KCs Are Not Potent in Induction of Antigen-Specific T Cell Activation.
The ability of KCs to induce antigen-specific T cell activation was examined using CD4+ OVA-TCR (ovalbumin-T cell receptor) transgenic T cells isolated from OT II mice. KCs, PMs, and splenic DCs were isolated from syngeneic male C57BL/6J wild-type mice. The T cells were cocultured with APCs in the presence of OVA peptide 323-339 (OVA323-339). T cell activation and proliferation were determined by measuring 3H-thymidine uptake and CFSE fluorescence intensities. Consistent with reports in the literature,14, 26 we found that splenic DCs elicited a strong T cell proliferative response as evidenced by high uptake of 3H-thymidine and the increased number of differentiated cells that express lower CFSE intensities.
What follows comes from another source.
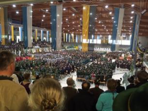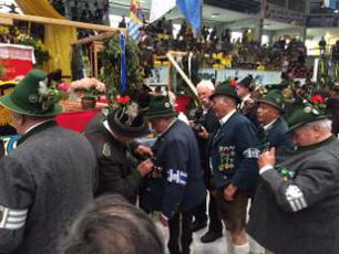 Patronatstag in Tölz am 03.05.2015 Eigentlich wollte man die kurze Anfahrt nach Tölz dazu nutzen, um noch vor dem Ausrücken nach 16 Jahren wieder einmal ein Kompaniefoto zu machen. Leider viel dieses Ansinnen aber regelrecht ins Wasser. Der strömende Regen am Morgen machte dieses Vorhaben zunichte. Man fuhr daher ohne Foto mit 2 RVO-Bussen und immerhin ca. 130 Mann nach Tölz zum Patronatstag. Die Tölzer hatten natürlich das gleiche Problem mit dem Wetter. So wurde Kirchenzug und Festzug von vornherein abgesagt und die Kompanien trafen sich gleich im Tölzer Eisstadion, der Hacker-Pschorr-Arena. Das Stadion war wunderbar hergerichtet und lies ein Bierzelt nicht vermissen. Nach der Begrüßung der gut 3000 Schützen aller anwesenden 47 Gebirgsschützenkompanien durch Landeshauptmann Karl Steininger, hielt der Tölzer Stadtpfarrer Peter Demmelmair den Festgottesdienst. Anschließend fand die Ehrung langjähriger aktiver Schützen statt. Von unserer Kompanie waren dies für 60 Jahre Franz Ableitner, Georg Bichlmair und Ludwig Frauenrieder, sowie in Abwesenheit für 50 Jahre, Ewald Hentschel.
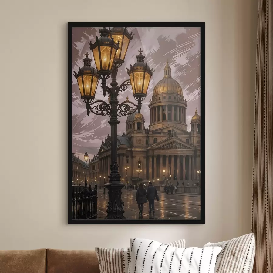 Didinga katedra su dideliu kupolu ir puošnia architektūra, kurią naktį apšviečia gatvės žibintai

However, measurement of 3H-thymidine uptake and CFSE fluorescence intensities showed that T cells were nearly completely refractory to KC-induced activation (Fig. 2A, B). The data demonstrated that PMs could induce T cell activation in the presence of a low concentration of OVA323-339 (0.1 μg/mL), but T cell proliferation decreased when the amount of antigen was increased to 1 and 10 μg/mL (Fig. 2A). In these cultures, significant amounts of NO were detected (Fig. 2C). Because numerous studies have demonstrated that NO can inhibit T cell proliferation,27–34 the role of NO in the suppression of PM-mediated T cell activation was investigated by adding L-NMMA in the cultures to inhibit NO production (Fig. 2C). The results showed that inhibition of NO drastically increased PM-induced T cell proliferation, at a level similar to that induced by DCs (Fig. 2A). In contrast, NO production was not detectable in KC/T cocultures (data not shown), and the addition of L-NMMA did not affect T cell proliferation (Fig. 2A). These data suggested that the mechanisms for the lack of T cell proliferation induced by KCs and PMs are different.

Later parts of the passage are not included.